In conclusion, the radial resonant ring formed by connecting the measuring portion and the elastic band portion of the tourniquet of the present disclosure in series can reduce the influence of non-radial vibration, so as to improve the sensitivity and accuracy of the radial resonance.

Although the present invention has been described with reference to the preferred embodiments, it will be apparent to those skilled in the art that a variety of modifications and changes in form and detail may be made without departing from the scope of the present invention defined by the appended claims.

Claims

1. A tourniquet, comprising:

a covering bag, including a surrounding device, a measuring portion, and an elastic band portion connected in series, wherein the measuring portion defines an accommodating space and is made of a non-elastic material, and the elastic band portion is made of an elastic material; and

an air bag device, having an elastic air bag, the air bag device is put into the accommodating space such that the elastic air bag and the measuring portion overlap.

2. The tourniquet according to claim 1, wherein the surrounding device includes a connecting member, so that the tourniquet forms a ring structure to locate the measuring portion at a pulse position to be measured.

3. The tourniquet according to claim 2, wherein the ring structure has a radial elasticity coefficient, and the radial elasticity coefficient is determined according to a frequency of a harmonic of a blood pressure wave to be measured.

4. The tourniquet according to claim 1, wherein the covering bag further includes a fixing structure, the air bag device includes a fixing element, and the fixing element is coupled with the fixing structure to fix the covering bag and the air bag device.

5. The tourniquet according to claim 4, wherein a surface of the accommodating space of the measuring portion has a non-slip material part, and the non-slip material part is in contact with the fixing element to prevent displacement of the air bag device.

6. The tourniquet according to claim 5, wherein the fixing structure of the covering bag has a plurality of holes and a plurality of fixing holes.

7. The tourniquet according to claim 6, wherein the fixing element of the air bag device includes an air inlet pipe, an air outlet pipe, and a plurality of fixation pillars, and the air inlet pipe and the air outlet pipe communicate with the elastic air bag.

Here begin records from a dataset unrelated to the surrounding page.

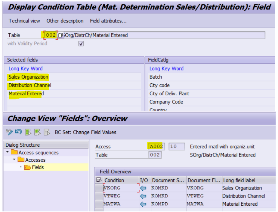 a) Create a required condition table for the requirement. In the explained example, Sales organisation, distribution channel and Material is selected.
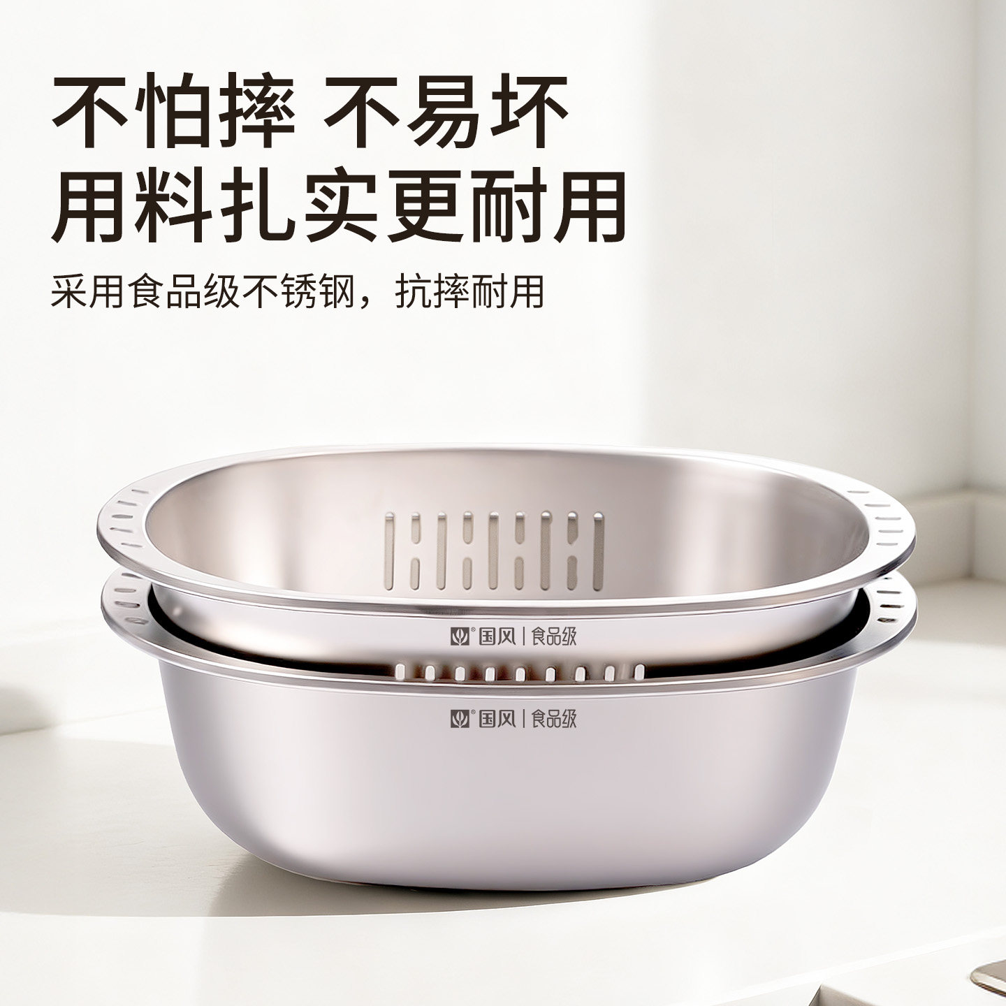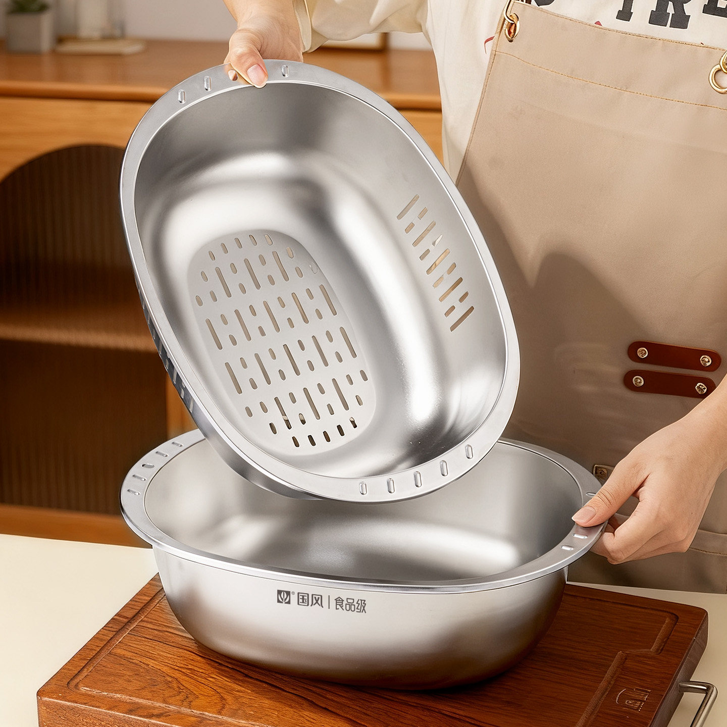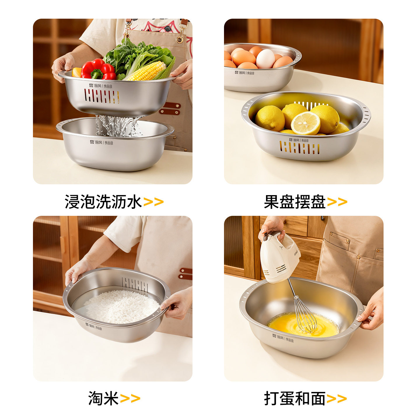 不锈钢盆洗菜盆沥水篮洗水果2025新款椭圆形盆厨房家用双层滤水篮
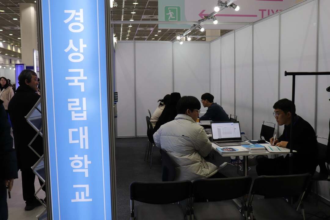 사진은 경상국립대학교 부스에서 입시 상담을 받고 있고 있는 수험생들의 모습이다.
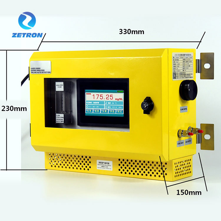 Анализаторот на озонот поставен со wallидови има интерфејс за работа на екранот на допир, кој ја покажува концентрацијата на озон во реално време. А екранот на допир е исто така со дисплеј за компензација на притисок и температура. За опсегот со висока концентрација (G/NM3), таа ја има функцијата на влез на проток, што може да го прикаже излезот на генераторот на озон во реално време. Основната компонента усвојува UV-светлосен систем со долг живот со кварц со висока светлина за пренесување за да спречи нула лебдат да влијаат на точноста на откривањето. Не треба да се затвори внесувањето на озон кога нула за да се осигура дека опремата може да работи постојано 24 часа.
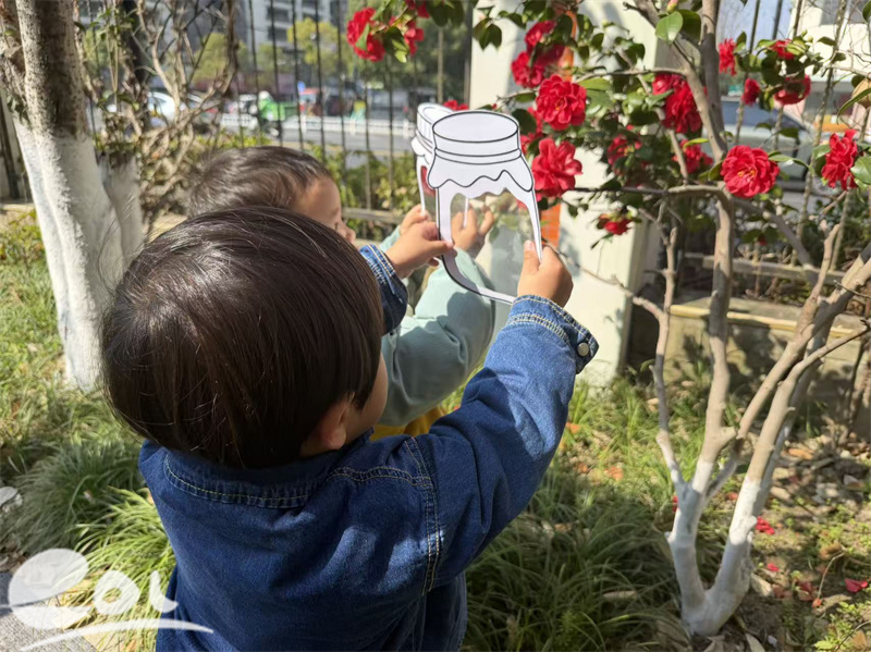律动结束后,一场趣味十足的春日探索之旅正式开启。宝贝们手持透明塑封瓶,带着精致的蝴蝶装饰,化身小小自然探索家。他们蹲下身来,细细观察校园里的一草一木,寻找嫩绿的新芽、娇艳的小花、飘落的枝叶,小心翼翼地将这些春日美好装进瓶中。在看一看、摸一摸、闻一闻的沉浸式体验中,宝贝们直观感受着春天的独特气息,在自然探索中收获了发现的惊喜与快乐。
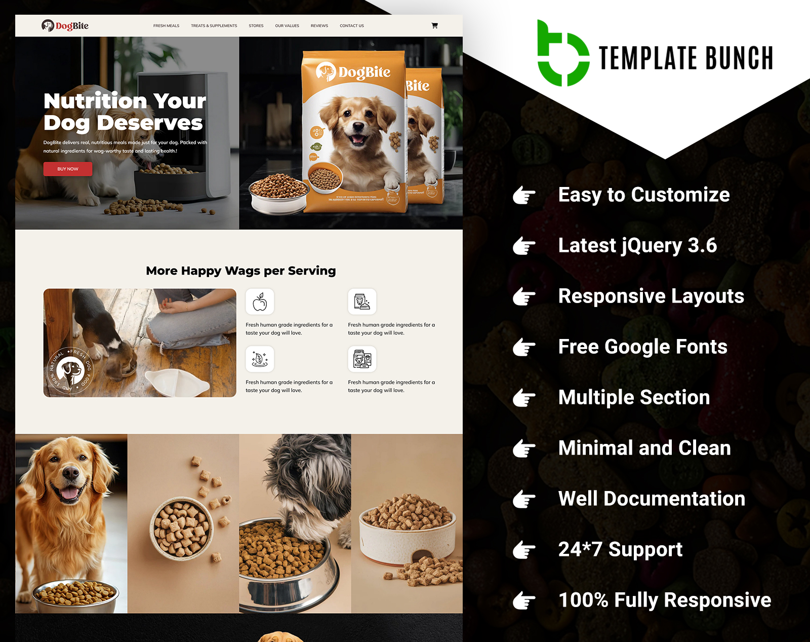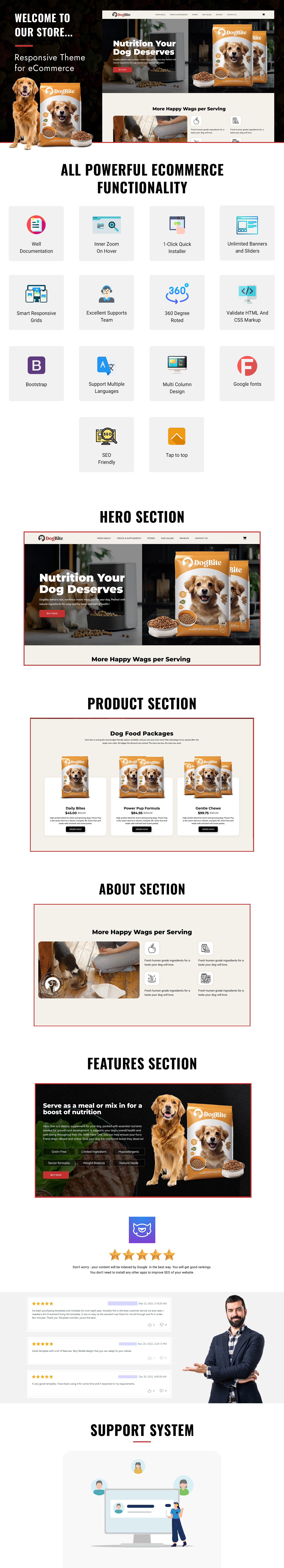Enjoy the benefits of free Google Fonts, a visually stunning layout, and a CSS3 table-less design that loads fast and looks professional. Plus, with round-the-clock support, you’ll never be alone on your eCommerce journey. Elevate your single-product store with Dog Bite—where performance meets style.
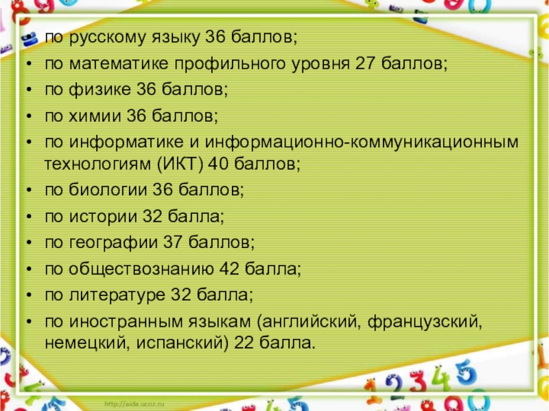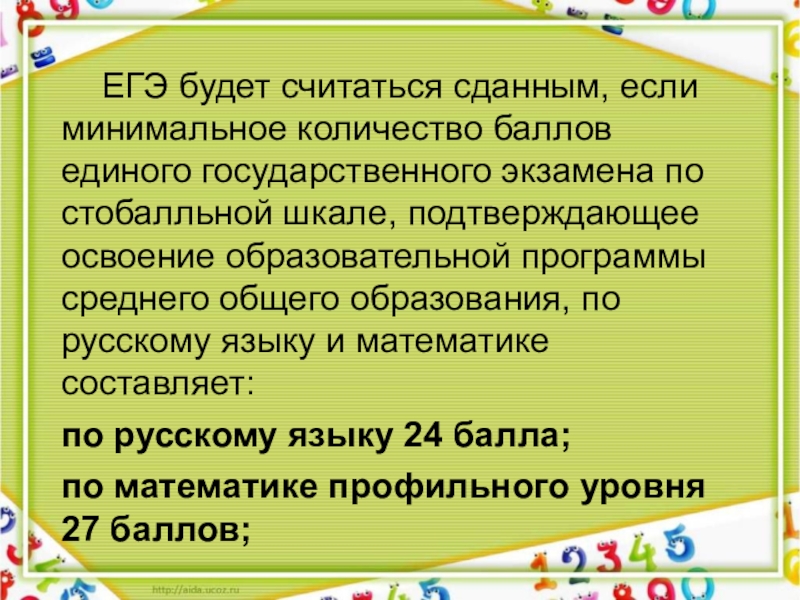 Слайд 14 ЕГЭ будет считаться сданным, если минимальное количество баллов единого государственного экзамена
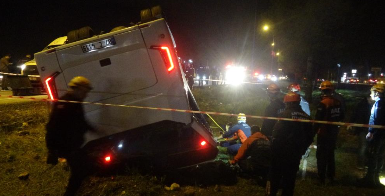 Kaza, Döşemealtı ilçesi Akdeniz Bulvarı üzerinde saat 20.30 sıralarında meydana geldi. Edinilen bilgiye göre, vardiya değişimi sonrası mesaiden çıkan infaz koruma memurlarını taşıyan Mustafa O. yönetimindeki 07 C 4119 plakalı midibüs, sağ şeritten önüne çıkan tıra çarpmamak için fren yaptı.
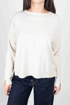 Maglia over con riga centrale asimmetrica piu' lunga dietro con spacchi laterali e sul polsino.
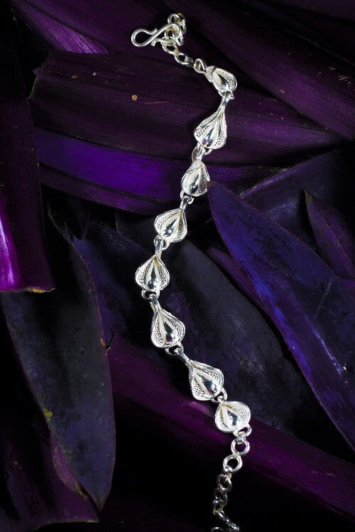 Looking for a more simplistic style? Try our Pankhuri Silver Filigree bracelet. The bracelet is inspired by the petals. The bracelet is a worthy addition to your accessories box. Wear this delicate efflorescent bracelet and blossom!
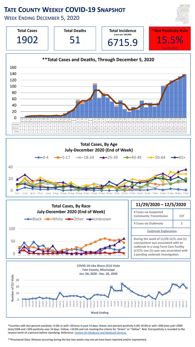 Here is @msdh's most recent COVID-19 data snapshot for Tate County, showing that the county had surging pandemic numbers as of December 5, although the county is in a significantly worse crisis now, less then two weeks later: 9/

8. The tourniquet according to claim 7, wherein after the air bag device is put into the accomodating space, the air inlet pipe, the air outlet pipe, and the plurality of fixation pillars respectively pass through corresponding holes and fixing holes, so that the tourniquet is coupled to a measurement device by the plurality of fixation pillars.

9. The tourniquet according to claim 1, wherein the measuring portion and the elastic band portion are connected in series by an elastomeric knitting technique.

10. The tourniquet according to claim 9, wherein the elastomeric knitting technique is a jump knitting method, or performs stitching with an elastic thread.